Сидели почти в темноте, за окном серое быстро перетекало в синее. Узкие темные Танины глаза странно мерцали, он присмотрелся и понял, что она плачет.
— Я сделала аборт, — сказала Таня.
И с этих ее слов все снова закрутилось. Он вернулся к ней, он почти не выходил из ее квартиры, только на военку, а домой хоть и старался возвращаться не поздно, но и раньше одиннадцати не получалось. Несколько раз он договаривался с Белым и не ездил встречать поезд, ребята забирали его долю товара и распределяли между собой, но деньги делили на всех по-прежнему — он сопротивлялся, но вяло, потому что деньги были нужны Тане, она ходила к частному полуподпольному гинекологу, который и операцию делал, но теперь опасался осложнений. В постели ей нельзя было почти ничего, он терпел, иногда они вообще не заходили в спальню, сидели на кухне, разговаривали обо всем, он рассказывал ей про Заячью Падь, она про свое детство, которое прошло в Восточной Германии, за окном ложились сумерки. Несмотря на предостережения врача, Таня теперь много пила, за вечер они, наливая поровну, приканчивали бутылку «Столичной», которая в доме не переводилась — Танин отец оставил чеки для «Березки», она тратила их на водку и сигареты, совершенно перестав интересоваться тряпками. Так и сидели, пока в кухне не становилось совсем темно, свет не включали, потом он собирался домой, а она, не провожая его, шла в спальню и, кое-как раздевшись, валилась в постель и засыпала, как убитая, а он уходил, захлопнув дверь.
Дома, конечно, опять начался ад.
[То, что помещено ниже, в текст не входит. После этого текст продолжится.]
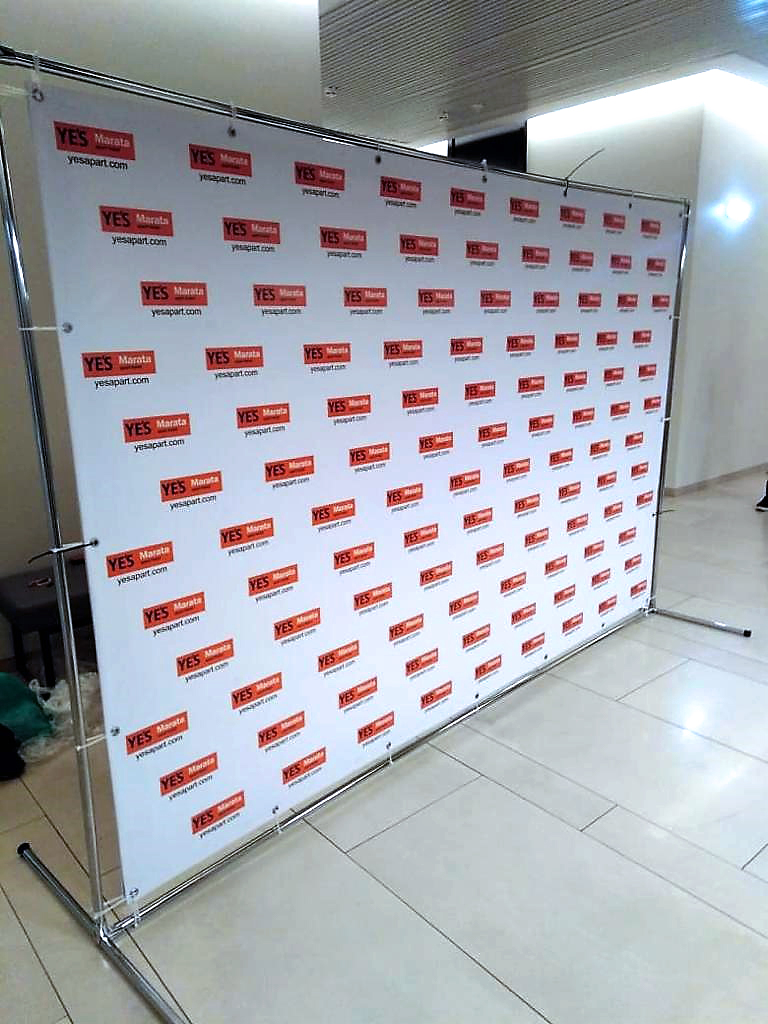Это конструкция, без которой сегодня не обходится ни одно мало-мальски уважающее себя мероприятие. Представляет собой большую раму, которая легко собирается из тонких алюминиевых или стальных хромированных труб, и так же легко разбирается. На раму натягивается баннерное полотно с изображением. Края баннера по периметру оснащаются люверсами, а крепится он к раме стяжками или специальным шнуром для крепления. На баннере обычно печатаются логотипы организаторов мероприятия или торговые знаки (марки).

Нина все поняла, но теперь уже громких скандалов не было, она только плакала по ночам, отворачиваясь от него, отталкивая его руки, но потом сдавалась и лежала, повернув в сторону мокрое лицо, как мертвая. И мать тоже что-то почувствовала, сникла, снова стала проводить целые дни в постели, несколько раз пробовала начать с ним серьезный разговор, но он сразу прерывал — «мам, ну, я тебя умоляю, от разговоров только всем хуже!» — и она замолкала.
Так наступил Новый год. Впервые за последние годы они с Ниной никуда не пошли, сидели с матерью дома. Смотрели «Голубой огонек», выпили по глотку шампанского, мать сидела в постели, укрыв плечи платком — она все время мерзла. После двенадцати позвонили Белый и Киреев, они были вместе в большой компании, собирались еще идти в ВТО, где у Белого были знакомые, так что шанс прорваться на окончание капустника был велик. Звали, конечно, и его с Ниной, но он решительно отказался. Позвонил и Витька, против обыкновения нетрезвый, долго нес что-то о дружбе, «которая всегда пригодится, ты меня понял?» — и вдруг повесил трубку, не попрощавшись. Около часа, когда уже собирались ложиться спать, раздался еще один звонок. В трубке немного помолчали, потом Таня тихо сказала «с Новым годом, любимый», и заныли короткие гудки. Повесив трубку, он вернулся к столу и натолкнулся на Нинин взгляд, она смотрела на него в упор долго, потом, ничего не сказав, встала и ушла. Он отнес посуду на кухню, спрятал в холодильник торт, а когда вошел в их дядипетину комнату, Нина уже выключила свет. В темноте он разделся, лег и обнаружил, что она завернулась в одеяло, как в кокон, и ему пришлось вставать и брать плед, чтобы укрыться.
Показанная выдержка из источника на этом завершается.